We can think of the subsets of {1, .., t} as a disjoint union of the pairs {T, T ∪ {1}}.
Where T goes over all subsets of {2, .., t}.
It is easy to see that for each such pair, at most one of the corresponding sums is in H.
The claim suggests the following test: If the desired error is 2-s. Choose s random subsets T
and for each one check if
sumi ∈ T ai is in H.
Reject if any of the s checks failed.
You could take random coefficients coprime to the cofactor, no? Are there so many divisors of these cofactors so that avoiding them all gets too slow?
@burdges so we considered that but turned out even with co-prime coefficients the cheating probability is as large as 1/(smallest factor in cofactor)
In general, whether a pairing algorithm needs its inputs to be in the subgroup will depend on the implementation of the Miller loop. It's entirely possible that the formulae for "doubling with line evaluation" and "addition with line evaluation" may only operate correctly in the subgroup.
There is lower-hanging fruit than this when it comes to optimizing validation; for example, we should first implement batch verification of proofs and signatures as described in Appendix B of the spec.

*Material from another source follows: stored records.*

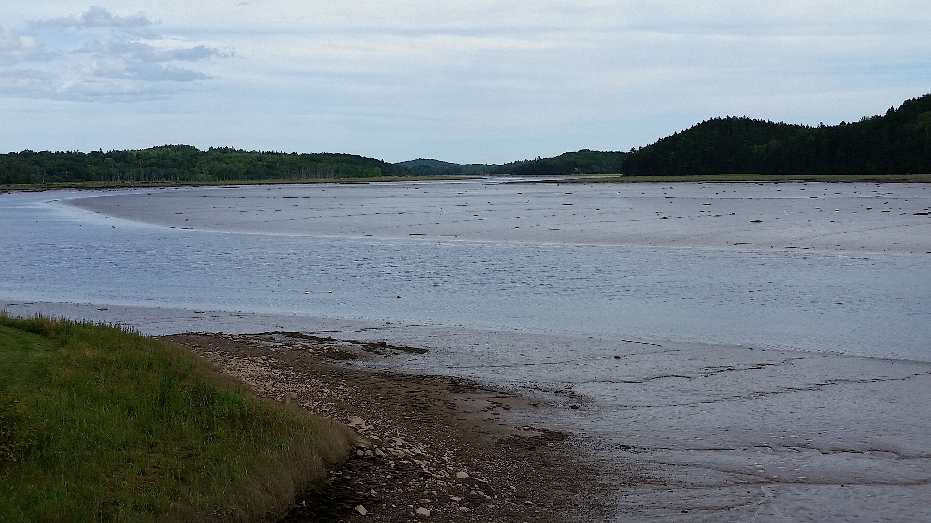 We biked 68 miles today — it should be our longest day of the week — and climbed an estimated 3,212 feet, also the most of the week. We’re now at the gateway to Acadia National Park. The closest we’ll get, though, is this view from the road. I think Cadillac Mountain is the one on the right.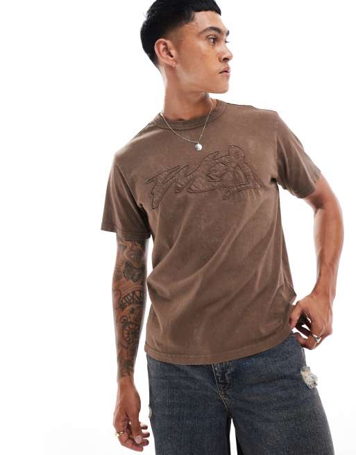 Weekday - Toby - T-shirt squadrata marrone slavato con applicazione grafica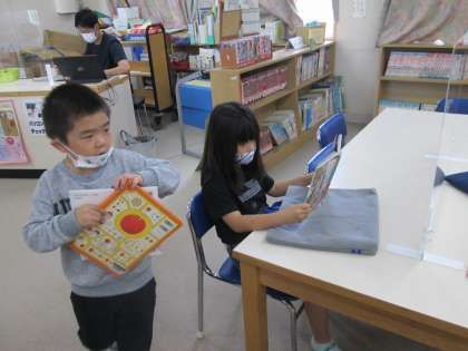 本を選んだ児童は、席にすわって読書をします。図書の時間は向かい合っておしゃべりをすることはないのですが、新型コロナウイルス感染予防のために、図書室の机の上には大きなパーテーションを置いています。

This isn't a candidate for Blossom because there is no change we can make to the definition of what is a valid proof that has been sufficiently well analysed and that helps to optimize the subgroup check. (If there are optimizations that can be done without changing the definition of a valid proof, they could be done at any time, not just at an upgrade.) This might have changed by NU3, though.
@ebfull has very recently published the paper Faster Subgroup Checks for BLS12-381.
For discussion of using the technique in that paper for recursive validation in R1CS, see #3425 (comment) . Here I'll focus on how to compute the scalar multiplication by (z2 - 1)/3 used in the G1 subgroup check.
We need to find an efficient addition-subtraction chain for (z2 - 1)/3, which in binary representation is 111001011011001000110000000000010101010101010111100001010101100000000000000000000000000000000001010101010101010101010101010101. The attached Python program expresses and checks an addition chain (it doesn't use subtraction) for this scalar, which uses 125 doubles and 18 adds. The only mildly tricky part is to compute [1010101] P in order to handle the runs of alternating 1s and 0s efficiently.
I don't claim that this is an optimal chain, but it must be within a few operations of optimal. I considered using the decomposition (|z| - 1).((|z| + 1)/3 but it gave no improvement.
(Sorry if it isn't self-explanatory what chain this represents. I'll clean it up if I have time.)
Orchard will use prime-order curves so will not have this issue. Leaving it open in case we still want to optimize subgroup testing for BLS12-381. In any case this comment still applies:
There is lower-hanging fruit than this when it comes to optimizing validation; for example, we should first implement batch verification of proofs and signatures as described in Appendix B of the spec.